If there is a restriction, with the exception of storing, the Controller may process Personal data only with the consent of the Data subject or to exercise a legal claim. The Controller must inform the Data subject that the restriction to the Personal data processing has been cancelled.

6. Right to object to the processing:

The Data subject has the right to object to the processing of his or her Personal data due to his / her particular situation if he/she is not certain of the lawfulness of processing under § 13, section 1, letter f) (relating to the Controller's legitimate interests), including profiling based on that provision. The Controller must not further process Personal data unless he demonstrates the necessary legitimate interests in the processing of Personal data that outweigh the rights or interests of the Data subject or the grounds for exercising a legal claim.

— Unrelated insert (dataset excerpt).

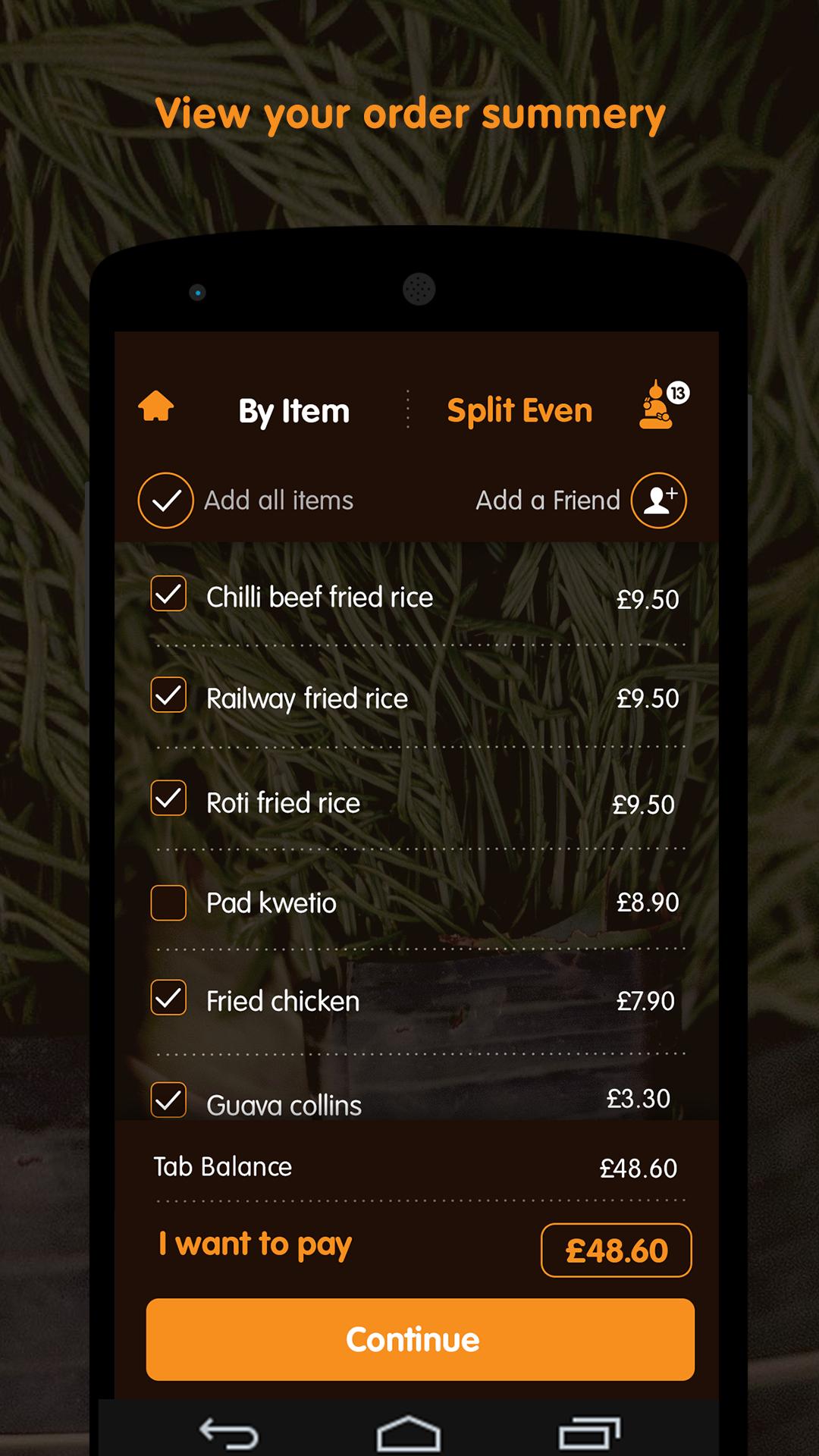 ميزة الرواتب في الجدول لا تعني الانتظار أكثر من الفاتورة ؛ يمكنك اختيار متى تدفع ، دون الحاجة إلى الإبلاغ عن النادل. لا مزيد من الصداع عندما يتعلق الأمر بمعرفة من يدين بما ؛ تسرب وظيفة الفاتورة تجعل تناول الطعام مع الأصدقاء سهلة.

The Data subject has the right to object to the processing of Personal data relating to him/her for a direct marketing purpose, including profiling to the extent it relates to direct marketing. If the Data subject objects to the processing of Personal data for direct marketing purposes, the Controller may not process Personal data for these purposes.

7.The right of the Data subject to file a motion to initiate proceedings under § 100 of Act No. 18/2018 Coll. on Personal Data Protection

The Data subject has the right to file a motion to initiate a procedure to verify whether his/her Personal data are being processed legally and safely. The proceedings shall be initiated upon a proposal from the Data subject or a person claiming to be directly affected in terms of his/her rights.

The Controller shall notify the Data subject of his/her rights at the first contact with him/her and, if the Controller has obtained his/her Personal data from a third party, the Controller shall promptly notify him/her of this, request his/her consent and inform him/her.

If the Controller processes the Personal data of the Data subject on the basis of the provided consent, the Data subject has the right to withdraw such consent at any time.

The Data subject has the right to file a complaint with the supervisory authority in Slovak republic, which is the Office for Personal Data Protection, with registered address Hraničná street No. 4826/12, Bratislava, postal code: 820 07, Slovak republic, telephone number: 00421 323 132 14, web:

    10. Conclusion

Legislation, as well as our business strategy and related ways of processing your Personal data, may change. If we choose to update this privacy policy, we will post changes to our website and inform you of these changes. The Controller declares that processing of Personal data undertake in accordance with the Act and Regulations of GDPR and under the good manners and will act in a manner that does not contradict the Act or other generally binding legal regulations.